One narrative the Tories are keen to push is the notion that Ed Miliband “stabbed his brother in the back” to become leader of the Labour Party. I’ve heard some ridiculous things in my time, but this claim that Ed “stabbed his brother in the back” is rubbish. Did David Cameron stab David Davis in the back to become leader of the Conservative Party, or does this rule only apply when two brothers contest a party’s leadership?
If I were to play my brother at chess and I win the game, have I “stabbed my brother in the back”? No, I beat him fair and square. This narrative that Ed Miliband used nefarious means to become leader appears to have been drawn from either a notional understanding of classical Greek tragedy or the Cain and Abel story, yet the idea itself is worthy of a bad Whitehall farce scripted by Lynton Crosby.
Today, Michael Fallon resurrected this notion in his attack on the Labour leader. Fallon claimed Miliband would “barter away” Trident to get into Downing Street because he “stabbed his brother in the back”. Talk about lazy thinking. I’ll return to Trident in a moment. Yet, even Fallon’s fellow Tories have criticized him for personalizing the election discourse.
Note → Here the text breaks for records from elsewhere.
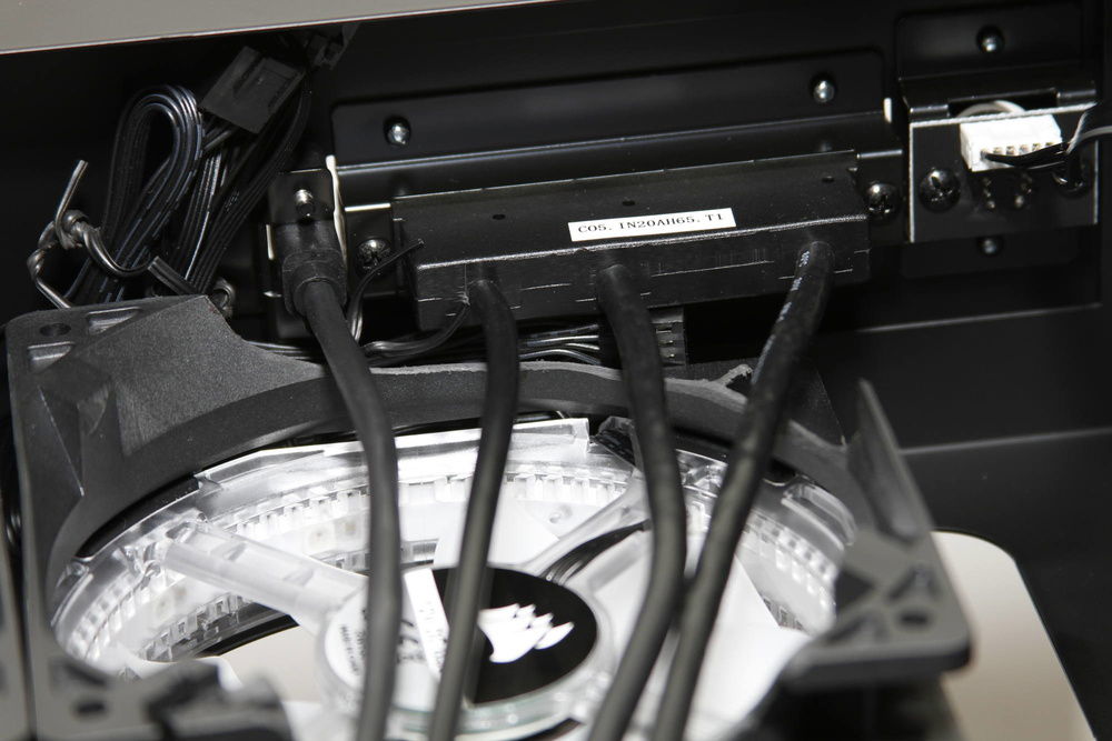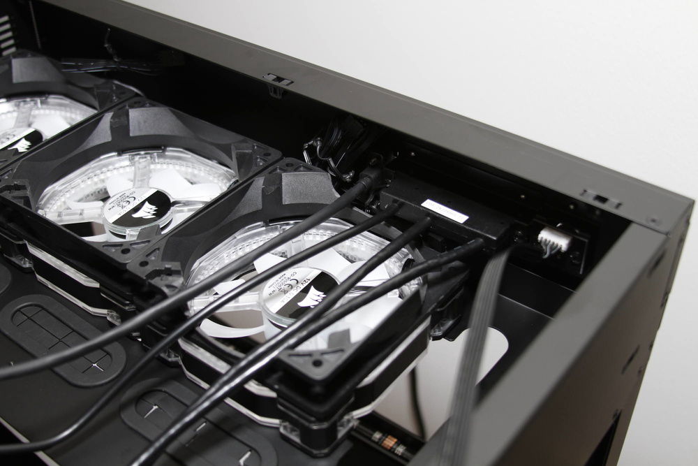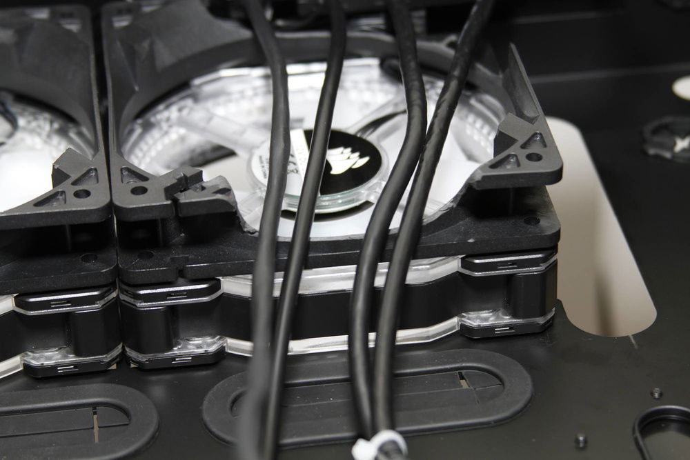 You can see the front panel cables and how they obstruct the fans and radiator. I had to make a cutout of the fan spaces to route the cables. Some folks have just bent the cables, but I wasn't comfortable doing that.
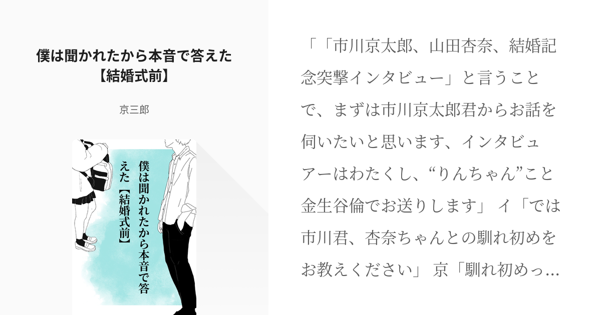 僕ヤバ市川京太郎 僕は聞かれたから本音で答えた 結婚式前- 京三郎の小説 - pixiv。
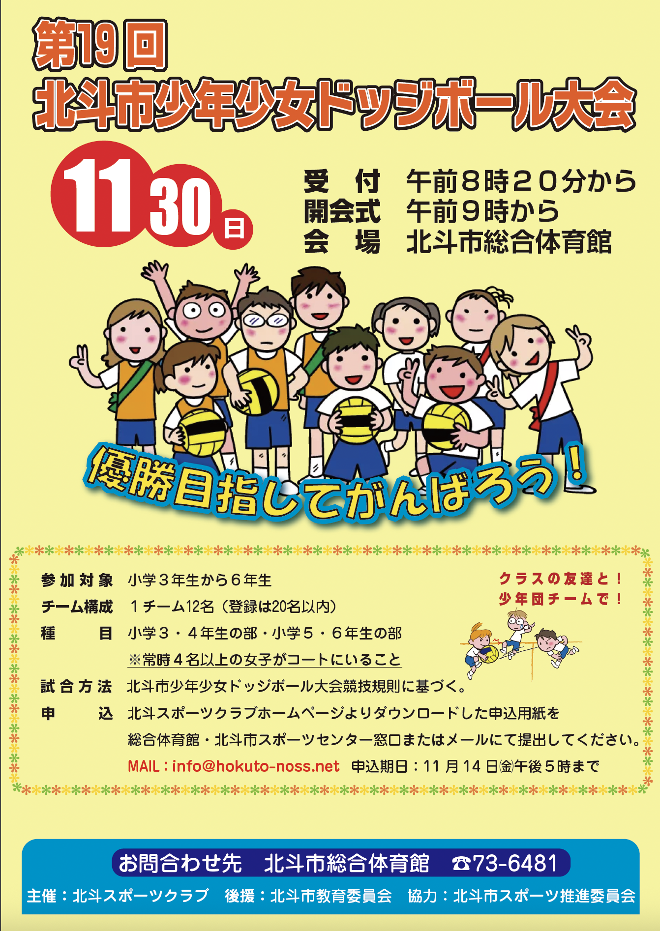 ※詳細については、第19回北斗市少年少女ドッジボール大会 開催要項をご覧ください。
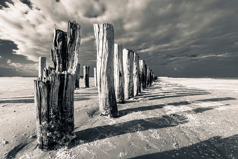 Bestelle das Foto alte Buhnen am Strand von Stephan Zaun als Reproduktion auf Leinwand, Alu-Dibond, als Poster, Fototapete oder Acrylglasbild.
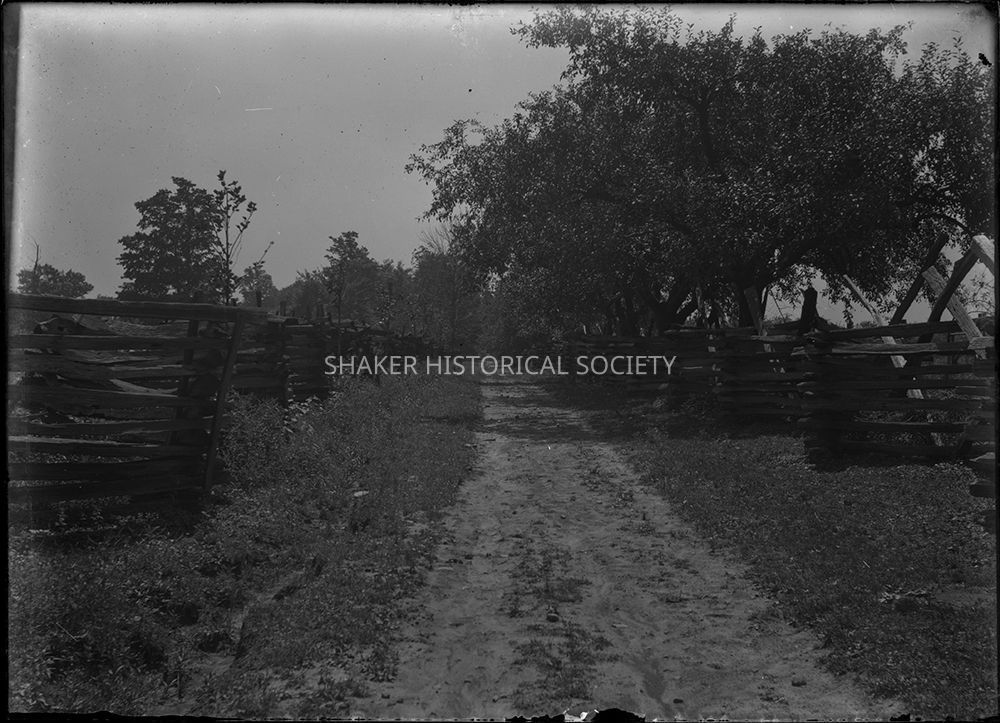 Glass plate negative showing the lane on Sylvester Knittel's property, now the southeast corner of Fairmount Boulevard and Eaton Road, looking south from the barn.Photograph Details
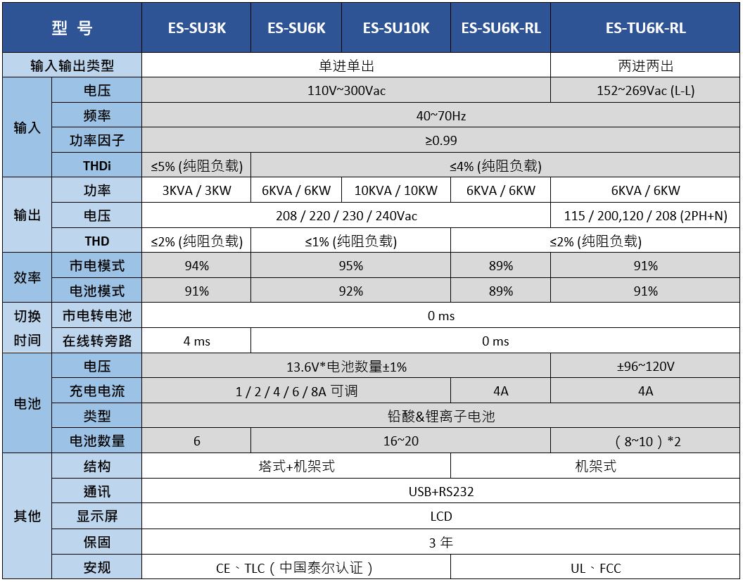 ES-SU/TU系列:3kVA~10kVA在線式不間斷電源系統
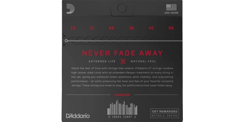 The new D’Addario XTAPB1356 XT Phosphor Bronze acoustic guitar string set is here available in Medium tension, with 13-56 string gauges. Replacing the D’Addario EXP17 string set, the XTAPB1356 set features an improved, microscopically thin treatment, providing protection against corrosion while preserving the tone and feel of uncoated strings. The new XT Phosphor Bronze Acoustic Guitar strings are now available from Merchant City Music, Glasgow’s longest-established guitar specialist. We ship fast to the UK, Europe and worldwide.
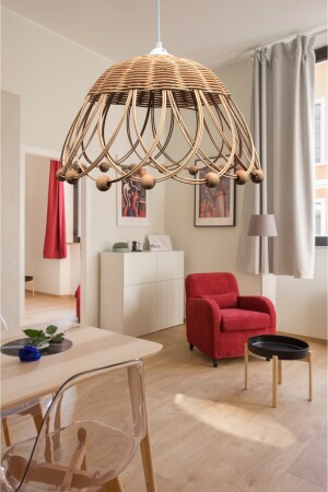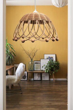 MNZ- رطنة، بامبو، مصباح معلق للكتلة قطر: 35 سم ارتفاع: 20 سم
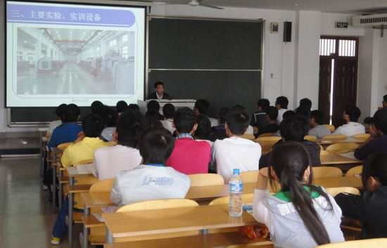 9月20日下午,机电系6个专业的教研室主任分别带领各专业教师,对2011级新生从人才培养方案、师资队伍组成、专业课程设置、就业方向、个人成长规划等方面进行了专业介绍,通过多媒体课件的生动和直观讲述,受到了广大新生的好评。随后,全体新生又参观了机电系所有的实训场所。
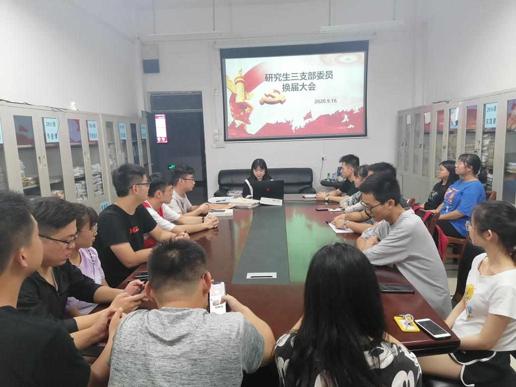 研究生第三党支部于雁山校区12414会议室召开支部委员换届选举大会,支部全体党员参加本次大会。
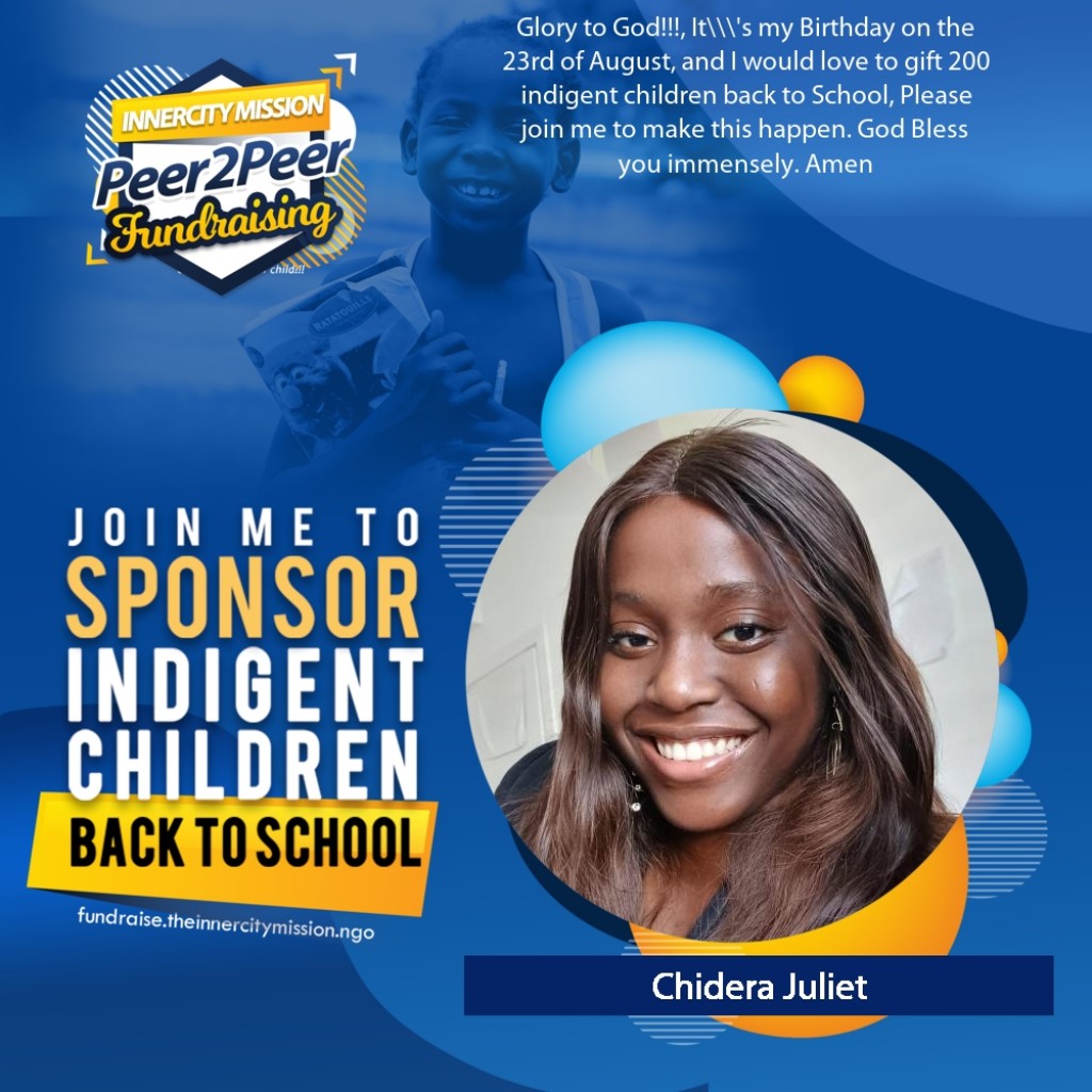 It's my Birthday on the 23rd of August, and I would love to gift 200 indigent children back to School, Please join me to make this happen. God Bless you immensely. Amen

Fallon, the MP for Sevenoaks, read Classics and History at St Andrew’s University, which would explain the appeal of this sub-Classical narrative. While he was Deputy Chairman of the Treasury Select Committee, Fallon claimed mortgage repayments on his Westminster flat in their entirety. This was against Parliamentary rules.
Jon Swaine writing in the Telegraph in 2009 wrote:
Between 2002 and 2004, Mr Fallon regularly claimed £1,255 per month in capital repayments and interest, rather than the £700-£800 for the interest component alone. After his error was noticed by staff in the Commons fees office in September 2004, he said: “Why has no one brought this to my attention before?”
There’s more:
He began making the excessive claims after buying the Westminster flat for £243,000 in June 2002 and designating it as his second home.
Various other household expenses he claimed for after September 2004 included a £250 per month cleaning bill, which Mr Fallon reduced from £300 after being asked for a receipt.
In addition to his expenses claims, Fallon is also
…paid as a director of three companies. His salary from one, a money broker, is reportedly £45,000. He also pays his wife from his taxpayer-funded office expenses to work as his secretary.
The main issue with Trident is that it is expensive and that it isn’t actually owned by Britain. The Campaign for Nuclear Disarmament states that “it is technically and politically dependent on the United States”. Richard Norton-Taylor writing in The Guardian in 2009 states that it would cost the country £130 billion to renew. That figure increased to £350 billion by 2012. The Tories are fond of telling us how the country can’t afford the NHS or other public services, yet they would be prepared to fork out billions of pounds on something that will never be used. The real beneficiaries of the renewal of Trident are weapon’s manufacturers and the Tories who have a financial stake in its renewal.
The idea that this country needs a nuclear weapon to guarantee its national security is an over-dramatization. I’ve just heard Fallon making a speech in which he claims that the world is a “dangerous place”. Well, excuse me, but it’s always been dangerous. Possessing weapons of mass destruction won’t make it safer.